At the moment of catastrophe, the ceiling came down on the Attrition Committee of Governors. Every soul in the zero-g birthing module was lost. Ships broke free of their moorings. Space walkers suddenly found themselves flying into the void. Domes shattered, crops failed, factories fell apart. Automatic weapon systems triggered, and for an hour, despite the most dire of circumstances, law enforcement and the military believed the other was waging war against them, a favor they were happy to return. The chaos in the aftermath of the event was extreme in every part of the station, and it’s no wonder one of the more curious results went unnoticed.

The dissolution of Coppehead’s body released the tachyons embedded in his anatomy, those peculiar particles that allow Regulators to shimmy back and forth in time, so they might fine-tune their alterations.

Liberated from the constraints of Coppehead’s discipline, they ping-ponged at light speed from one indefinable coordinate to the next. The lines indicated from their progress resembled the interwoven fabric of a complex stitching pattern. Eventually, their decline in energy would paradoxically accelerate their speed to that of faster than light, and they would cease to affect events altogether. But in the meantime they formed bubbles that those who presumed themselves witty called time droppings. Whatever they were called, they still looked like bubbles.

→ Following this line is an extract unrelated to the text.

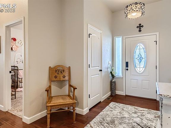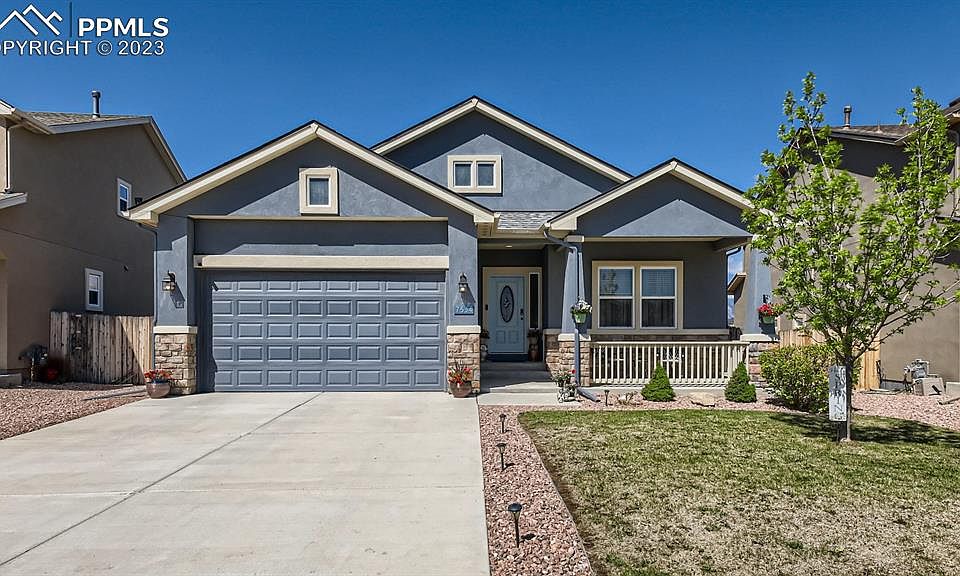 Welcome to a stunning rancher boasting magnificent mountain views in The Glen At Widefield, a prime location just minutes away from Fort Carson, Peterson AFB, and Schriever AFB. This remarkable home offers an open floor plan, panoramic views, efficient A/C, and a gourmet kitchen that will exceed your expectations. The gourmet kitchen is a true highlight, featuring a sizable granite island with a breakfast bar, stainless steel appliances, and an adjacent walk-in pantry for ample storage. The kitchen seamlessly flows into the inviting great room, adorned with vaulted ceilings, beautiful wood floors, and a centerpiece stone fireplace that creates a cozy ambiance. The great room offers wired surround sound and captivating views of Pikes Peak on either side of the fireplace. A haven of privacy, the master suite is tucked away and features a 5-piece master bath and a generously sized walk-in closet. Descending to the lower level, you'll discover a spacious basement with tall ceilings, large windows, a family room, a game area, two additional bedrooms, and a full bathroom. The basement feels anything but typical, providing comfortable living spaces with natural light. Notable features of this nearly new rancher include stucco siding, a 3-car tandem garage, and a convenient laundry/mud room with a built-in bench and cubbies. Step outside to the landscaped backyard, fully fenced and complemented by a covered pergola—an ideal setting for outdoor enjoyment. This home offers a wonderful opportunity to embrace a comfortable lifestyle in a desirable location. Schedule a visit today and let this charming rancher capture your heart.

Their relationship to reality was nebulous at best, but they managed to form around and pick up numerous objects, gulps of chemical gases, and various entities, in whole or part, and deposit the contents at different points and times in the future or past Attrition. The site was not always conducive to survival.

A time bubble snatched up Velouria and Jordi while they crashed against opposing walls. All of sudden they were trapped together in a tiny berth, traveling somewhere.

Vee’s mouth was still open.

“Well?” demanded Jordi. “What’s it going to be?”

 

8.

“Good question,” said Vee. “I’d kill for a cup of cappuccino right now.”

“You probably would,” mumbled Jordi dryly.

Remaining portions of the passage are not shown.